Cut butter into small pieces; Pixian watercress chopped fine; Boil the dried chilies in a boiling water pot for about 2 minutes, then take out and mince them to obtain Ciba chilies. Ginger is broken; Peel garlic into petals; Green onions are tied; Rock sugar is broken; Star anise, rhizoma Dioscoreae Septemlobae and cinnamon are broken into small pieces; The grass fruit is broken.

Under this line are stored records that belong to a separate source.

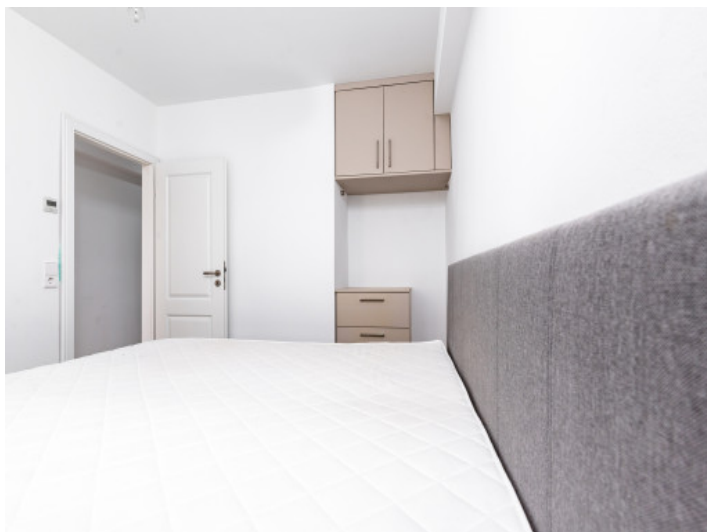
Vista alternativa al dormitorio
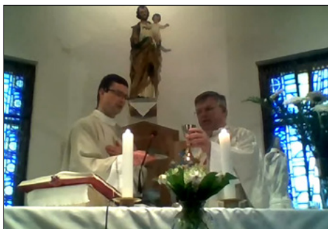
Búcsúi online szentmise
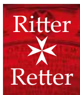
Lage Schillerstr. 11 32791 Lage Tel. (0 52 32) 69 11 67 N.N.
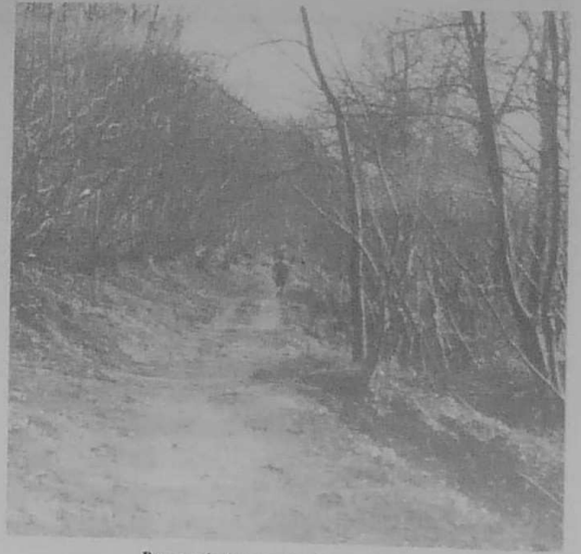
Promenade dans un chemin tranquille.
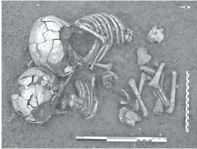
Fig 4 - Les Queyriaux (Cournon d'Auvergne, Puy-de-Dôme), sépulture double d'individus immatures, Néolithique moyen chasséen. Le contact entre les deux têtes et le fait que les membres inférieurs du sujet de gauche soient placés entre les membres inférieurs du sujet de droite attestent la simultanéité du dépôt.
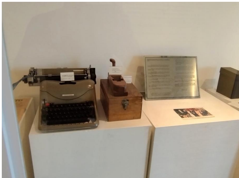
Parte da Exposição no antigo Espaço Histórico que estava localizado ao lado do Auditório Nobre – materiais de escritório, placa comemorativa e fotografia de evento de confraternização.

Entre os itens preservados e atualmente incorporados ao acervo, destacam-se:
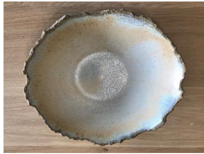
FR OP ACGM
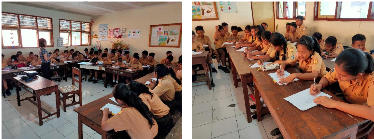
Gambar 2. Pelaksanaan Pretest dan Post test

juga dapat mempengaruhi pola konsumsi makanan jajanan sehingga siswa dapat memilih makanan jajanan yang sehat (Vera T Harikedua, Nonce N. Legi, 2015; Yunita Syafitri, Hidayat Syarief, 2009). Sebelum pelaksanaan pengabdian tim PKM melakukan pretest dan posttest untuk mengetahui sejauh mana pengetahuan siswa Sekolah Dasar mengenai Pemilihan Makanan Jajanan di Sekolah Dasar Negeri 10 Denpasar. Pelaksanaan kegiatan ini diikuti 38 siswa beserta 3 guru sekolah yang mendampingi. Dari 38 siswa dipilih 5 kader siswa sekolah yang dipilih dari pihak sekolah. Usia siswa sekolah sebagian besar berusia 11 tahun, 18 berjenis kelamin perempuan dan 20 berjenis kelamin laki-laki.
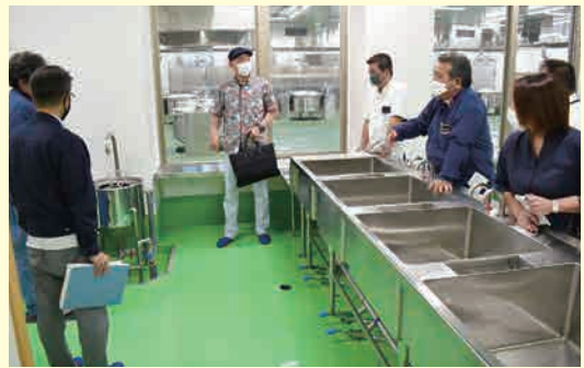
施設職員から詳細な説明を受けながら見学し、活発な意見交換が行われた
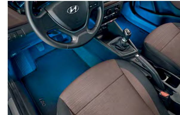
Plavo LED osvjetljenje prostora za noge. Skriveno podno osvjetljenje koje vam poželi dobrodošlicu automatskim uključivanjem i isključivanjem prilikom otvaranja i zatvaranja prednjih vrata.
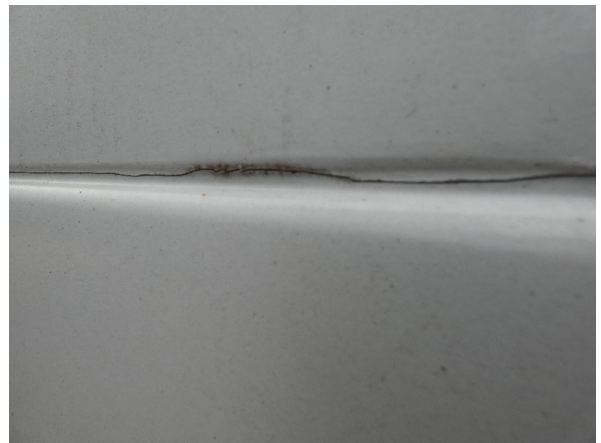
Bild 16: Seitenwand rechts und links Silikonnähte gerissen - erneuern
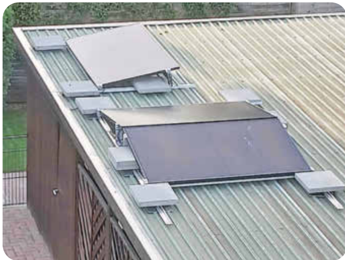
3 PV-Module auf einem Garagendach

(SR) Am 20. November fand im SoVD-Treffpunkt im Lichthof die letzte Monatsversammlung im Jahr 2024 statt. Vor zahlreichen SoVD-Mitgliedern und interessierten Gästen informierte der Bürgermeister Tobias Handtke (SPD) über Wissenswertes aus der Gemeinde Neu Wulmstorf.

2. Put the wok on medium fire, heat it with vegetable oil, add butter to boil it, add ginger, garlic cloves and shallots to saute until fragrant, then add Pixian watercress and Ciba pepper, and slowly stir-fry with low fire until the watercress is dry, the aroma is overflowing and the peppers are slightly pale, and then pick out the shallots from the wok.

3. Immediately add star anise, Rhizoma Kaempferiae, Cinnamomum cassia, fennel, Amomum tsaoko, Arnebia euchroma, fragrant leaves, herbs, cloves, etc., and continue to stir-fry for about 15-2 minutes with low fire. When the spice color in the pot becomes darker, add crystal sugar and fermented glutinous rice juice, and slowly cook with low fire until the water in the fermented glutinous rice juice completely evaporates. At this time, remove the pot end from the fire and cover it.

Method 2

1. When frying chafing dish, dry raw materials with less water content, such as all kinds of spices, dried prickly ash and dried pepper, should be treated first. The method is as follows: the spices should be ground into coarse powder and soaked in high-alcohol liquor for wet fermentation. The dried prickly ash should be soaked in warm water to swell, while the dried pepper should be cooked in boiling water to make Zanba pepper. The purpose of this is to

2. After Zanba pepper and watercress are put into the oil pan, they should be fried with low fire and low oil temperature for a long time to fully separate out the spicy taste, red pigment of pepper and the mellow fragrance of watercress.

3. Spices and pepper should be put into the pot last, and the frying time should not be too long, mainly soaked in hot oil.

after reading the above, you should know how to stir-fry the chafing dish. Special attention should be paid to the fact that the fried chafing dish should be left for several days before use, which is to make all kinds of fragrant substances fully melt into the oil and make it more tasty. When you have time or only two people eat hot pot, you can try to fry the bottom material of hot pot yourself. It is economical and healthy.